Sent from my SM-G950F using Tapatalk


----------



## packard (Jun 8, 2009)

Used VON HAUS, from Amazon on numerous fits of various maxes of TV. No issues ever

Example.

https://www.amazon.co.uk/VonHaus-Br...1536518633&sr=8-1&keywords=tv+bracket+vonhaus

Simple, easy to put up, great fit, good adjustments.


----------



## C-Max (Oct 1, 2015)

These are the best.

AVF UNIMAX Flat to Wall Up to 80 Inch TV Wall Bracket

https://www.avfgroup.com/tv-wall-brackets/unimax-tv-mounts/zml8500

http://www.argos.co.uk/product/5495438

These come with all fixings and even nylon bushes that screw to the back of you tv and keep it literally millimetres from your wall.

Sent from my iPhone using Tapatalk


----------



## Zetec-al (Feb 28, 2011)

packard said:


> Used VON HAUS, from Amazon on numerous fits of various maxes of TV. No issues ever
> 
> Example.
> 
> ...


Thanks.

I was looking at this one and it suits my budget.:thumb:


----------



## Zetec-al (Feb 28, 2011)

C-Max said:


> These are the best.
> 
> AVF UNIMAX Flat to Wall Up to 80 Inch TV Wall Bracket
> 
> ...


Thanks.

These do look really good however I should of mentioned I plan to stick a socket behind to plug the TV into. I think this would sit too close to the wall for this to work. correct me if i'm wrong?


----------



## shl-kelso (Dec 27, 2012)

look at the Syncbox recessed power/cable system - gets around the problem of plugs sitting proud of the other all preventing the TV from fitting flush on a slim bracket.


----------



## Trix (Jul 1, 2006)

Cookies said:


> I've used one of these for putting the tv on the garage wall. Very sturdy, and very easy to hang.
> 
> IBRA Ultra Slim Wall Mount Bracket System for Samsung, LG and Philips LED,LCD,OLED TV. Fits most 13" to 70" Screens https://www.amazon.co.uk/dp/B0035U6FII/ref=cm_sw_r_cp_apa_a-vLBbAWKT2KN
> 
> ...


I have one of these too.. Nice and easy to fit/mount and keeps the tv close to the wall.


----------



## Derekh929 (Aug 28, 2011)

I have this one for kitchen just installed LG C8 55

One For All SV6610 TV Bracket Flat Wall Mount for 40-84-Inch TV

And in living room have even closer mount

Slimline® - Ultra Slim Flat-to-Wall Mount
Screen sizes: 37-65"

Just be aware it can be a nightmare to get cables in even with 90degree coaxial the Cat5 was a pain had to cut another back box to allow it to sit into wall.
Sanus has some good ones, but the one I just fitted did the job but not perfect


----------



## RedUntilDead (Feb 10, 2009)

Newer screens are not that heavy anymore.
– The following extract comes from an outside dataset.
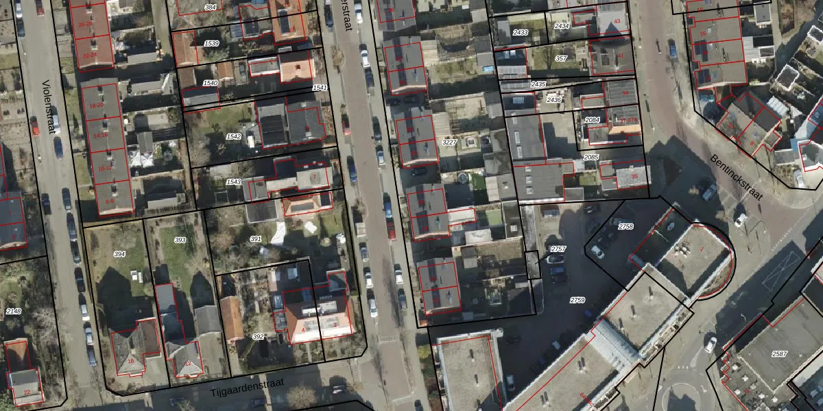 Het perceel waarop Asterstraat 20 staat heeft een oppervlakte van 2537 m². Dit is een zeer groot perceel. De perceeloppervlakte wordt geregistreerd door het Kadaster. Gedetailleerde informatie over de maten van dit perceel kunt u vinden in het rapport Kadastrale kaart met maatvoering van Asterstraat 20.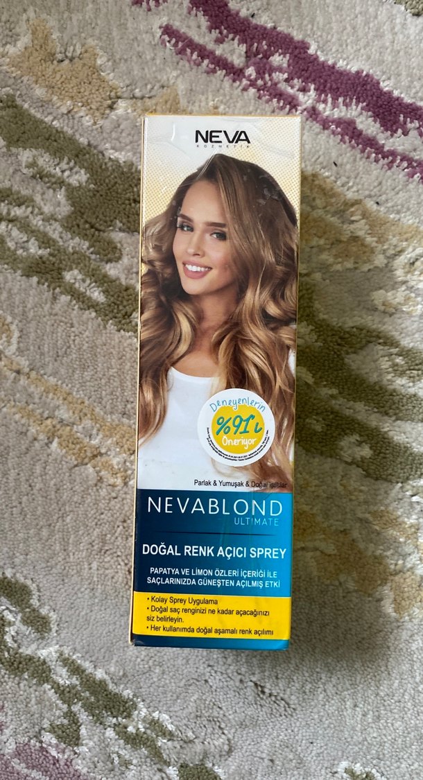 Neva Nevablond doğal renk açıcı sprey, papatya ve limon özleri içerir. Saçlarda güneşten açılmış doğal bir görünüm sağlar, kolay uygulanır. 2 kutu var biri hiç açılmadı diğeri yarımdan biraz fazla

The gripit plasterboard fixing will work a treat if you can’t pick up a stud. Sometimes I have had to use my own bolts as the ones provided are not always long enough. They also have a slim lip which makes anything you fasten up sit not quite flush against the surface which is not always ideal.


----------



## shl-kelso (Dec 27, 2012)

If you want power or other outlets behind a wall mount TV on a slim bracket then take a look at the Syncbox range (was successfully pitched on Dragon’s Den some years ago). Providing you have the available depth in the wall to accommodate the very deep back box it works very well, and using modular fittings you can terminate power, aerial coax, and ethernet data modules etc for a very neat install. 

If you have an unobstructed vertical drop inside the wall then the other option is to use brush faceplates and drop all the cables down the wall to a second brush plate, from which you can take them to sockets at low level instead. Obviously if you have horizontal studs in the wall this does not work.


----------



## Derekh929 (Aug 28, 2011)

shl-kelso said:


> If you want power or other outlets behind a wall mount TV on a slim bracket then take a look at the Syncbox range (was successfully pitched on Dragon's Den some years ago). Providing you have the available depth in the wall to accommodate the very deep back box it works very well, and using modular fittings you can terminate power, aerial coax, and ethernet data modules etc for a very neat install.
> 
> If you have an unobstructed vertical drop inside the wall then the other option is to use brush faceplates and drop all the cables down the wall to a second brush plate, from which you can take them to sockets at low level instead. Obviously if you have horizontal studs in the wall this does not work.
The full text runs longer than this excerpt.